The new financing contingency provisions appear to provide a stark choice for buyers and sellers.
Paragraph 3 of the Financing and Appraisal Continency Addendum is titled, “Financing Contingency with Automatic Extension.” Paragraph 4 of the Contingency Addendum is titled, “Financing Contingency with Automatic Expiration.” To the lay observer, this is a choice of polar opposites.
While there is much to address with the new Contingency Addenda released by NVAR on July 1, 2019, this writing will reveal the illusion of the perceived contrast between the two choices.
In comparing the options provided in provisions 3 and 4, let’s assume a 21-day contingency for both. Under provision 3, at the time the 21 days expires, the contingency continues, unless and until the seller decides to deliver the 3-day notice to the buyer, at which point the buyer must decide whether to void the contract or not. In the event the seller does not deliver the 3-day notice, the buyer’s financing contingency will continue (“automatic extension”) up to and including Settlement date.
Whereas, under provision 4, at the time the 21 days expires, the buyer’s contingency terminates (“automatic expiration”). The seller, therefore, has no decision about whether to deliver the 3-day notice to the buyer as the buyer no longer has a financing contingency. Consequently, if the buyer does not perform at closing, the buyer will be in default.

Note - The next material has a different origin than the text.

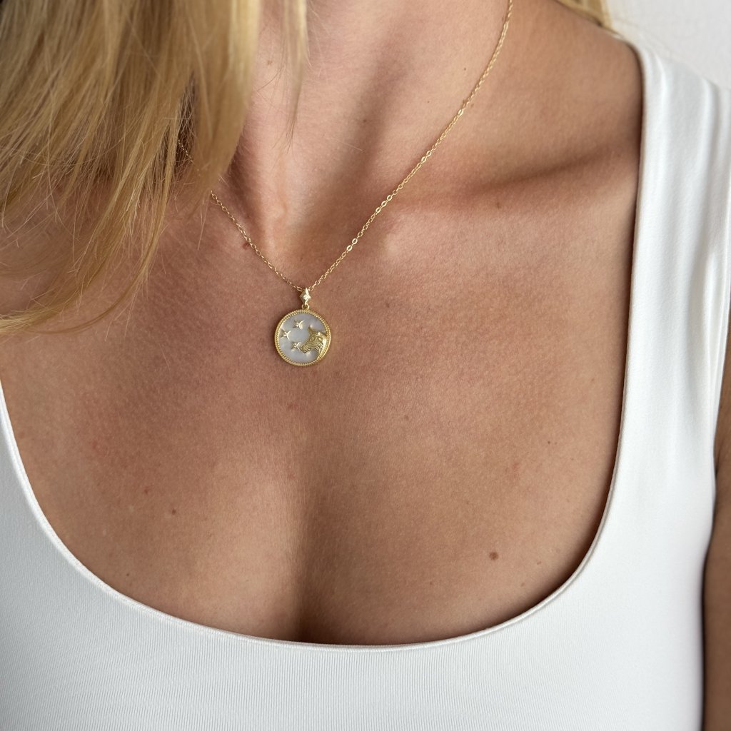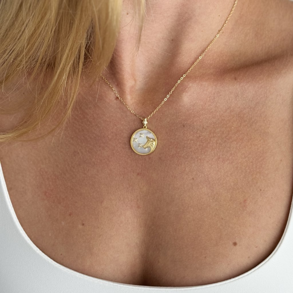 Srebrny zegarek wisiorek z łańcuszkiem MOONLIGHT TAURUS to idealny prezent dla każdego urodzonego pod znakiem Byka. Ten klejnot łączy w sobie stabilność i piękno tego ziemskiego znaku. Pozłacany okrągły zegarek wisiorek o średnicy 18 mm ozdobiony jest wizerunkiem Taurusa na białym tle, które przywołuje blask księżycowego nieba.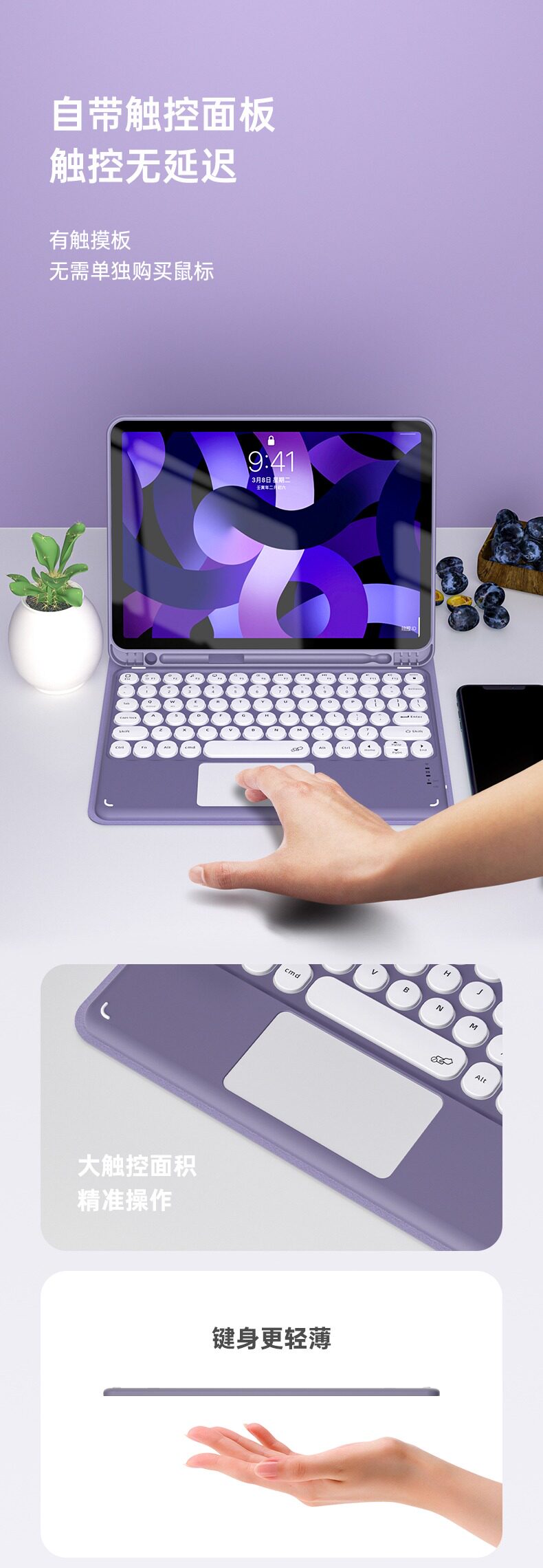 - Сиреневая клавиатура, чехол, мышка с зарядкой

It still looks like a stark contrast, but as we wave our magic wand, the illusion is revealed.
Under provision 3, even with an open financing contingency, the buyer will be in default if they do not perform on the settlement date. The only way a buyer escapes potential default under provision 3 is if they receive a written rejection letter for the specified financing and deliver it to the seller. In other words, in the absence of a written rejection letter, the buyer is in the exact same position regardless of whether provision 3 or 4 is selected as the financing contingency.
The question becomes, how often do buyers receive written rejection letters? In a word, rarely! Consider all the real estate transactions on which you have been involved as a real estate agent – how many of those transactions fell apart because the buyer got a written rejection letter for the loan? I would humbly suggest that unless you are very unlucky, it is likely less than 5%. In fact, after polling a few area top loan officers, most say that 1% or less would be flat out denied and that it is very rare, especially when agents and borrowers are using a local, reputable lender.
The lifting of the financing contingency illusion should assist buyers, sellers and their agents in navigating and ultimately coming to terms on what otherwise appears to be a choice between polar opposites.